Подведем предварительные итоги. Изменение общих мировоззренческих ориентиров в конце 70-х годов, продиктованное определенной исчерпанностью шестидесятнических идей, ознаменовалось стремлением Е.А. Евтушенко укрепить свою программу на основе осмысления вечных литературных тем. В результате этих поисков усиливается интимизация повествования в произведениях поэзии, прозы, кинематографии, литературно-публицистической критики 80-90-х годов - на основе интенсивной разработки любовной тематики. Поэт как бы собирает свои художественные достижения в интимной лирике воедино, находя мировоззренческую точку опоры в теме любви как одной из важнейших категорий этики. Вследствие этих устремлений любовная тема обретает свое новаторское значение, проявляющееся в ряде существенных положений. Во-первых, поэт акцентирует внимание на сам процесс постижения драмы спальни. Отсюда - перенесение места любовного действия в центр произведений и повышение уровня откровенности. Отсюда же исходит и повышение роли эротических картин в его творчестве. Во-вторых, заслугой поэта, по нашему мнению, следует признать и то обстоятельство, что он в большой мере способствовал легализации чувственной любви. В-третьих, Е.А. Евтушенко, осмыслил в основном, два, наиболее близких ему состояния любовной интриги: рождение и смерть чувства. Отсюда - усиление общего эмоционального пафоса лирического повествования и возникновение нового, наиболее крайнего типа русского классического варианта любви-жалости - любви-вины, порожденная ею исповедальность.

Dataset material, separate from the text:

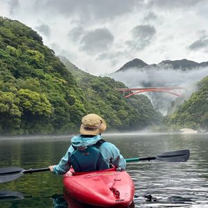 頑張った登山の翌日は、安房川のゆっくりとした時間の流れの中で水面を漂うカヤックは最適解だと思います。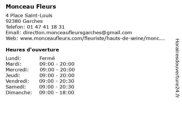 1 Monceau Fleurs (Distance: 1,96 km) 65/69 Boulevard de la République, 92210 Saint-Cloud fleurs, monceau 2 Monceau Fleurs (Distance: 4,63 km) 78 Avenue du général leclerc, 78220 Viroflay boutique, fleuriste, fleurs, monceau 5 Monceau Fleurs (Distance: 8,36 km) 3 place Cambronne, 75015 Paris bouquet, cadeaux, fleur, fleuriste, fleurs, les deuil, mariage, monceau, plante, un service 6 |

В-четвертых, литературно-публицистический стиль поэта продиктовал и отчетливую индивидуализацию образа лирического героя, нередко переходящую в автобиографичность.

В прозе Е.А. Евтушенко сошлись заложенные в его творчестве устремления поэзии к прозе, а прозы к поэзии. В большой мере проявились стилистические и мировоззренческие основы его творчества. Растущая убежденность в подлинности бессмертия силы духа получает в его романе "Ягодные места" и "русской сказке" "Не умирай прежде смерти" жизненное обеспечение: "если будет Россия, значит буду и я". Евтушенко наделяет вечной жизнью ягодные места своей Родины, любовь, рожденную в этом мятежном, но светлом краю, отчаянную борьбу человеческого духа с "суетой сует". "И смерти не будет" - именно эти слова из "Откровения Иоанна Богослова" определяют главное содержание евтушенковской прозы 80-х - начала 90-х годов.

Проза Е.А. Евтушенко последнего пятнадцатилетия сыграла важную роль хранительницы идейно-художественных сил поэта, она расширила его профессиональные горизонты, одновременно углубив и сделав разнообразными его главные, заветные мысли.

В начало статьи

Примечания

  1. Евтушенко Е. Жизнь после смерти. - М.: Советский писатель. - Олимп, 1991.
  2. "Надрывная исповедальность порой способна шокировать", - абсолютно верно отмечала первый рецензент книги. (См.: Латынина А. Ему аплодировали стадионы и президенты // Лит. газета, 21 октября, 1998. - С. 4.